Les conditions pour bénéficier du versement libératoire en 2026
Ce régime n'est pas accessible à tout le monde. Pour en bénéficier en 2026, votre revenu fiscal de référence (RFR) de 2024 (disponible sur votre avis d'imposition 2025) ne doit pas dépasser :
- 29 315 € pour une personne seule (1 part fiscale)
- 58 630 € pour un couple (2 parts)
- 73 287,50 € pour un couple avec un enfant (2,5 parts)
- 87 945 € pour un couple avec deux enfants (3 parts)
Si vous dépassez ces seuils, vous n'êtes pas éligible au versement libératoire. Le barème progressif s'applique alors d'office.
Bon à savoir
Pour opter pour le versement libératoire, la demande doit être faite auprès de l'URSSAF avant le 30 septembre pour une application l'année suivante. Si vous venez de créer votre micro-entreprise, vous avez jusqu'à la fin du troisième mois suivant votre immatriculation.
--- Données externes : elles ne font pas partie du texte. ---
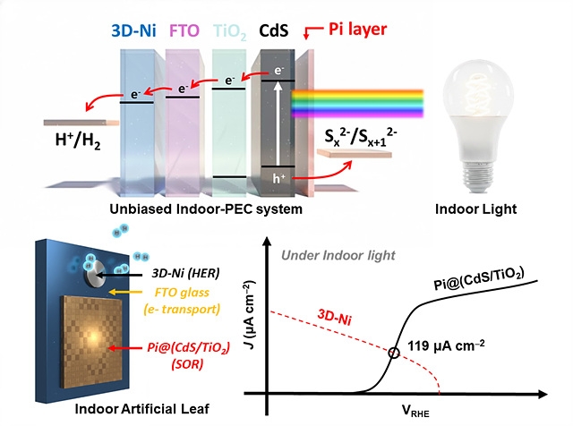 황화물은 강한 빛에 노출되면 '광부식' 현상이 일어나는데 약한 실내 조명은 이를 최소화할 수 있다. 연구팀은 빛이 약해 줄어든 전하 입자량을 보완하기 위해 황화물에 이산화티타늄이 접합된 전극 구조를 설계했다. 이 접합 구조는 양전하 입자와 음전하 입자가 재결합해 사라지는 것을 막아 한정된 전하를 재결합 손실 없이 온전히 수소 생산에 쓰게 만든다. 또 황화물 표면에 '인산염(Pi)'을 코팅함으로써 황화물의 광부식은 막고 전하 이동 속도는 높여, 내구성과 효율을 동시에 잡았다.
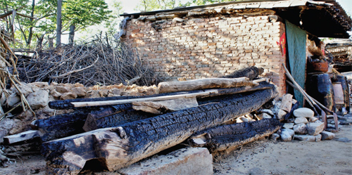 被大火燒毀的房檁、房椽(劉捷 攝)

Versement libératoire ou barème progressif : lequel est le plus avantageux ?
C'est là que beaucoup d'auto-entrepreneurs se trompent. Le versement libératoire n'est pas toujours avantageux. Tout dépend de votre taux marginal d'imposition (TMI), c'est-à-dire la tranche dans laquelle se situe votre dernier euro de revenu.
On a fait les calculs pour vous. Voici trois simulations concrètes pour un auto-entrepreneur en BNC :
Simulation 1, Faibles revenus, TMI à 0 %
- Chiffre d'affaires : 15 000 €
- Revenu imposable après l'abattement de 34 % : 9 900 €
- Impôt au barème progressif : 0 € (sous le seuil d'imposition)
- Impôt au versement libératoire : 330 € (15 000 € × 2,2 %)
Barème progressif gagnant de 330 €
Simulation 2, Revenus moyens, TMI à 11 %
- Chiffre d'affaires : 30 000 €
- Revenu imposable après l'abattement de 34 % : 19 800 €
- Impôt au barème progressif : 902 €
- Impôt au versement libératoire : 660 € (30 000 € × 2,2 %)
Versement libératoire gagnant de 242 €
Simulation 3, Revenus élevés, TMI à 30 %
- Chiffre d'affaires : 60 000 €
- Revenu imposable après abattement 34 % : 39 600 €
- Impôt au barème progressif : 4 984 €
- Impôt au versement libératoire : 1 320 € (60 000 € × 2,2 %)
Versement libératoire gagnant de 3 664 €
Bon à savoir
La règle à retenir : le versement libératoire devient souvent avantageux dès que votre taux marginal d'imposition dépasse 11 à 14 %. En dessous, le barème progressif est presque toujours préférable, surtout si vous n'êtes pas imposable.
Levier n°2 : l'ACRE, comment réduire vos cotisations sociales dès le démarrage ?
L'Aide à la Création ou à la Reprise d'une Entreprise (ACRE) est l'un des leviers les plus puissants pour alléger votre charge fiscale en début d'activité. Le principe : vous bénéficiez de cotisations sociales réduites pendant vos premiers mois d'activité.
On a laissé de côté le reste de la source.